Lever à 3 :30
du matin pour un avion partant à 6 :20 et arriver en début de matinée à
Nantes avec but final… Noirmoutier-en-l’Ile. Voici quelques années que je rêvais
de déguster la cuisine d’Alexandre Couillon à la « la Marine ». Un endroit perdu qui se mérite mais d’où l’on
sortira vraiment émerveillé.
Depuis
quelques temps ce sont les tables espagnoles ou plutôt je devrais dire Basques
et Catalanes qui avaient attiré toute mon attention mais quelques reportages ci
et là, m’avaient laisser penser qu’Alexandre devait être un cuisinier tout à
fait différent, original, passionné et presque révolutionnaire dans un paysage
culinaire assez souvent « endormi » en France. En tout cas ma
perception… Couillon fait partie de cette génération de nouveaux cuisiniers qui
ont compris que la cuisine a dépassé les frontières de l’hexagone et que « d’observer ce
qui se fait ailleurs… », n’a que du bon… Même tranche d’âge que les David
Toutain, Alexandre Mazzia et autre Akrame Benallal, mais sans peut-être ce côté
presque trop médiatique de ces derniers temps.
Donc direction
Noirmoutier qui est une île, reliée par un pont, d’une longueur d’environ de 18
km avec principalement des marais salants, des dunes et quelques forêts. C’est
au charmant petit hôtel « l’Ancre Marine » un peu à l’extérieur que
nous ferons étape, sachant que la table ne se trouve pas dans Noirmoutier-ville
même mais à quelques kilomètres où se trouve le port de pêche de l’Herbaudière.
« La
Marine » se situe dans le port et il ne sera guère difficile de trouver
une place de parking à quelques mètres de cette maison qui semble avoir été
récemment rénovée. Mur blanc et encadrement de fenêtres noirs donnent au tout
une apparence presque moderne.
C’est sur
le côté gauche de cette maison que vous entrerez et découvrirez un passage
confirmant ce modernisme avec son allée presque d’apparence métallique entre deux
murs bruts et arrivés à l’intérieur c’est l’étonnement.
Une architecture
moderne mais peut-être que l’on pourrait qualifier d’années 70 dans la
décoration avec ces fauteuils « style tulipe » blancs, ces formes
architecturales arrondies : tout ceci dans des tons noirs, rouges et
blanc. Au sol un coin moquette et un autre sur un revêtement brillant. Le « look »

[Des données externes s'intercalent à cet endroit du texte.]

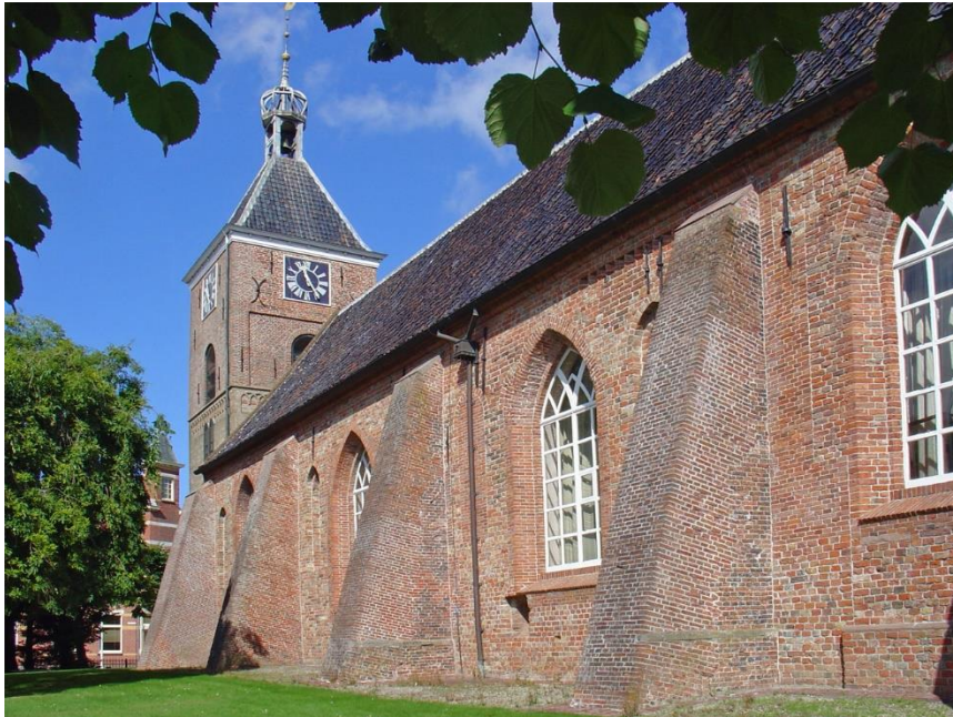
De kerk in Uithuizen staat ten onrechte bekend als de Jacobikerk. Maar niet Jacobus de Meerdere was de kerkheilige, maar de heilige Dionysius.

Het Bolhuis was een edele heerd met 70 grazen land (zo'n 40 hectare) wat maakte dat de familie tot de rijke eigenerfden behoorde. Op hun heerd kon niet alleen het zijlrecht 1 vallen (wat in 1588 ook inderdaad het geval was), ook was er het redgerschap 2 aan verbonden, waarvoor je minstens 30 grazen land moest bezitten.

idéal pour une femme serait presqu’une robe de Paco Rabanne qui introduit des matériaux industriels dans
la mode à la veille des années 70 et qui marquèrent une véritable rupture dans
les codes de la Haute Couture.
Cette salle
ne semble pas accueillir plus d’une vingtaine de couverts et nous aurons la
chance d’avoir une table prêt d’une des fenêtres.
Sur la table « le menu Marine
et Végétal » ; menu unique mais qui peut se décliner en trois
versions, tous les plats, 7 ou 4 plats. C’est le premier que nous prendrons à
148 euros.
Arrive
quelques mises-en-bouche avec une déclinaison autours de la pomme de terre. Il
faut savoir qu’Alexandre Couillon n’utilise principalement que des ingrédients
de la production locale et que la pomme de terre en fait partie avec entre
autre la « bonnotte » une variété précoce plutôt petite, ronde à
chair tendre et ferme. Il existe d’autres sortes également comme la « Sirtema »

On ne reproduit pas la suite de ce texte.